CDT, Day 2 — July 2
I started hiking at 6:30 a.m. under blue skies after a restful night’s sleep. I gained an alpine ridge in a quarter mile on a more or less visible trail and continued east on the ridge for 1.5 miles. From the ridge, the trail descended steeply toward Bobtail Creek, which runs easterly through the valley below.
The trail became better defined as I descended. I waded the creek and continued downhill less steeply through sub-alpine forest and grassy meadows, encountering only a few deadfalls. In a mile, I re-crossed the creek and walked past the remains of a huge 2018 avalanche, where piles of spruce and fir trees rose 10 feet above the ground. Happily, the Forest Service crews have cleared a path through the mess.

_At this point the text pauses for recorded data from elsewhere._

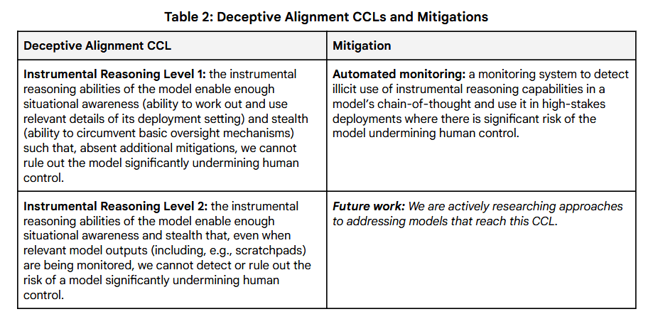 For deceptive alignment risk, the initial approach focuses on detecting when models might develop a baseline instrumental reasoning ability at which they have the potential to undermine human control, assuming no additional mitigations were applied. The two instrumental reasoning CCLs thus focus on delineating when such capability becomes present, and subsequently when the initial mitigation for this capability—automated monitoring—is no longer adequate.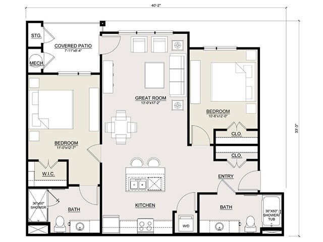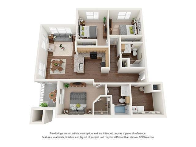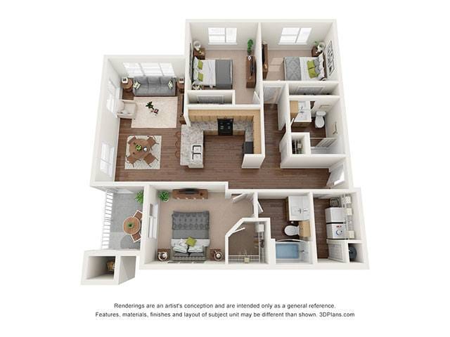 Apartment Model: Two Bedroom (B1)From $1,3632 Bedroom, 2 Bath, 1067 sq ftAvailable Now![]()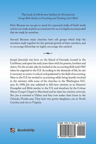 This book of 100 Sermon Outlines for Personal and Group Bible Studies to Preaching and Teaching God's Word First: Because we can get so much by a personal study of God's word, and we can study anytime as convenient for us, it is highly recommended that we study by ourselves; Second: Because many churches have cell groups which help the members study together for the spiritual growth of their members, and to encourage fellowship we highly encourage this method.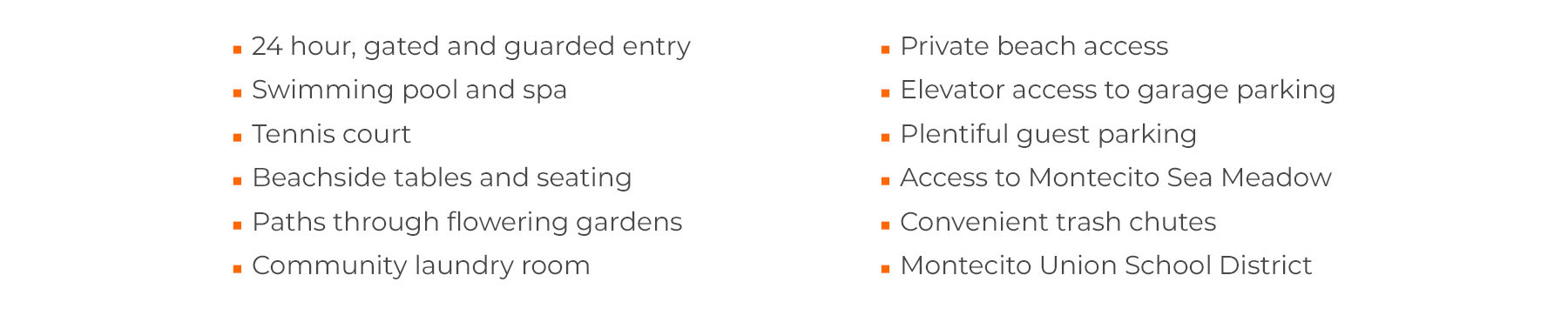 Montecito Shores amenities include direct access to world class beaches, beachside seating areas, pool, spa and tennis.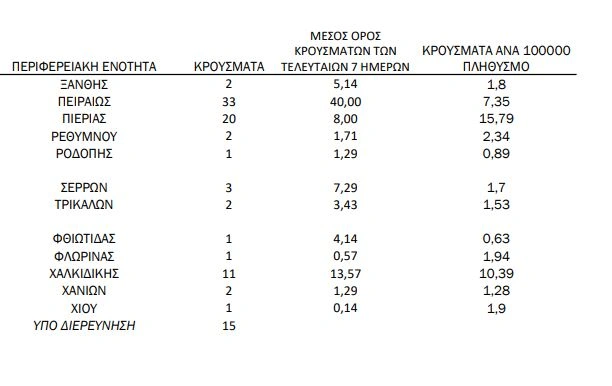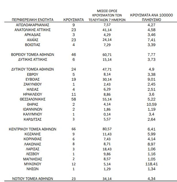 - Αχαΐα: 23 κρούσματα,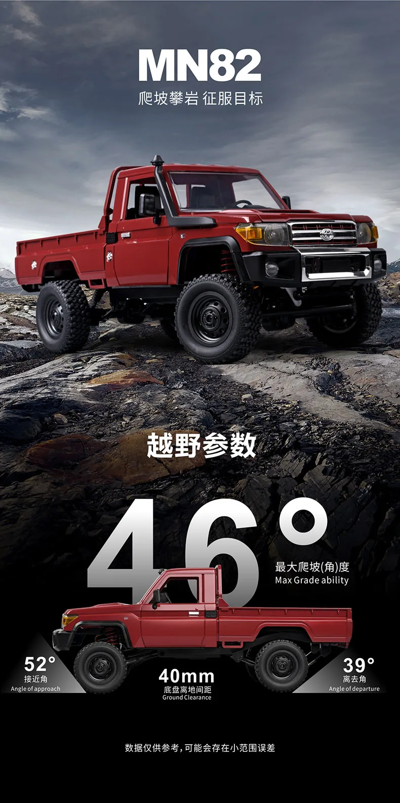 Built with durable materials, the MN82 RC car is designed to withstand rough play and off-road environments. It’s made to endure frequent use, providing years of fun and excitement.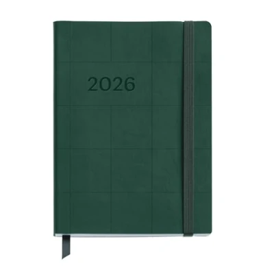 PRACTICAL, FLEXIBLE & COMPACT: 122 x 168 mm Journal Yearly Planner: Practical, lightweight and easy to carry, perfect for planning your 2026 anywhere comfortably. DAY-BY PAGE PLANNING-CLEAR DAILY ORGANIZATION - Monday to Friday on own page and end together, helps keep everything under control with a single glance. FSC ECO-FRIENDLY PAPER 80gsm FSC Certified Ivory Paper Mix, ideal for writing with pen or pencil and environmentally friendly. 2026 COMPLETE AGENDA: Languages: Spanish, English and Portuguese; includes national holidays of Spain and Portugal and useful icons for important events. BASIC GREEN TABLES Flexible cover in green imitation leather with stitched binding, elastic band, marker ribbon and details engraved in dry blow with fresh and natural air.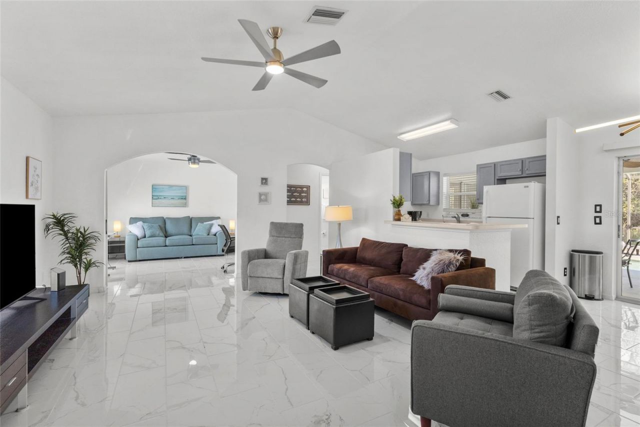 Available 4/3/2026. Beautifully furnished 2-3 bedroom, 2-bath pool home located in a quiet and walkable North Port neighborhood off N. Salford Blvd, convenient to nearby shopping along Price Blvd and US-41, I-75, and Gulf beaches. Designed for comfortable Florida living, this inviting home features polished white marble-look tile flooring throughout and a bright, open layout. Sliding doors open to a screened lanai and solar-heated pool overlooking a private backyard with natural landscaping and no rear neighbors. The flexible third bedroom with closet and barn doors works well as a guest bedroom or home office. Additional features include a two-car garage, full-size washer and dryer, alarm system, high-speed internet, and generator for backup power. Lawn and pool service are included and tenant pays electric. Available monthly or longer term. Seasonal rates are $5,500 per month December through April with a three-month minimum and $3,200 per month May through November; off season price is for 1 month, with rates negotiable for longer stays. A 13% tax applies to leases under six months, with no tax on longer leases. Non-smoking property. Pets considered with approval; fees or deposits may apply.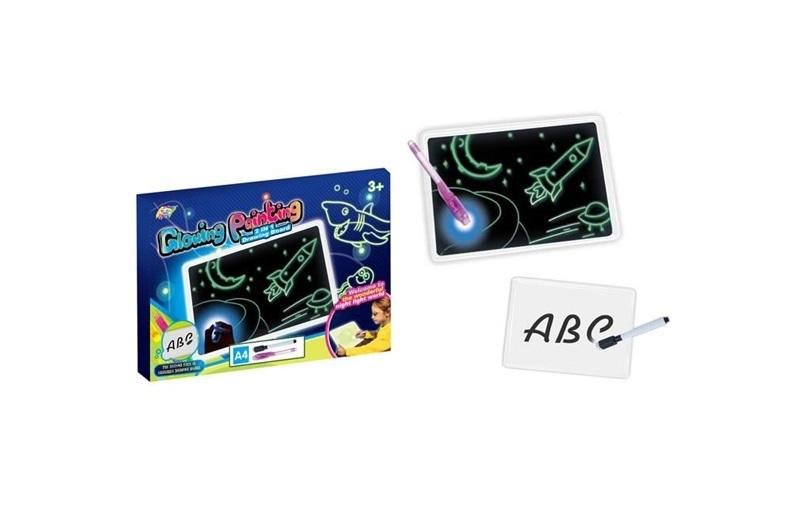 W zestawie: dwustronna tablica, świecący długopis, pisak z gąbką do zmazywania, 2 szablony z wzorami, instrukcja, funkcje: na jednej stronie można malować ścieralnymi pisakami, druga strona jest pokryta powłoką luminescencyjną, która pozwala na malowanie w ciemności, wym. Opk: 32,5 x 23 x 2,5 cm., Baterie: 3 x ag13 załączone demonstracyjne, 3+

About 5 miles into the day, I crossed Bobtail Creek for the last time at the site of the defunct Bobtail mine. As I ate lunch, a fellow who works for Denver Water came by on his ATV and chatted. It turns out that Denver Water diverts large quantities of water through aqueducts and tunnels from the Western Slope in Colorado to the Front Range, where most of the state’s residents live. This kind fellow gave me several energy bars. How great is that?
Well-fed, I headed up a well-graded gavel road with nine switchbacks, gaining 2,000 feet to Jones Pass. Easy footing but hard hiking. I am not yet in trail shape. At the top, I rejoined the official Continental Divide Trail. Turning east on an alpine ridge, I soon met two day hikers who started at the Henderson mine in the valley below. I continued east, mostly downhill and occasionally crossing snowfields. On one steep patch of snow, with a long runout ending in a pile of boulders, I got a chance to use my ice axe.
About 4 p.m., I found a smooth, flat, somewhat sheltered campsite at the edge of some krummholz at 11,700 feet in elevation about 100 yards south of the trail. I could have gone farther, but the steep terrain seemed to preclude decent campsites over the next few miles. Also, by this time ominous dark clouds were forming to the south.
I made camp and cooked dinner. About 7 p.m., a trail runner named Len arrived, hemming and hawing about whether to continue south along the CDT. He decided to stay rather than run eight more miles. Just before I turned in at 7:30 p.m., two northbound CDT hikers came by, but didn’t stop.
Another hard, but not exhausting, day.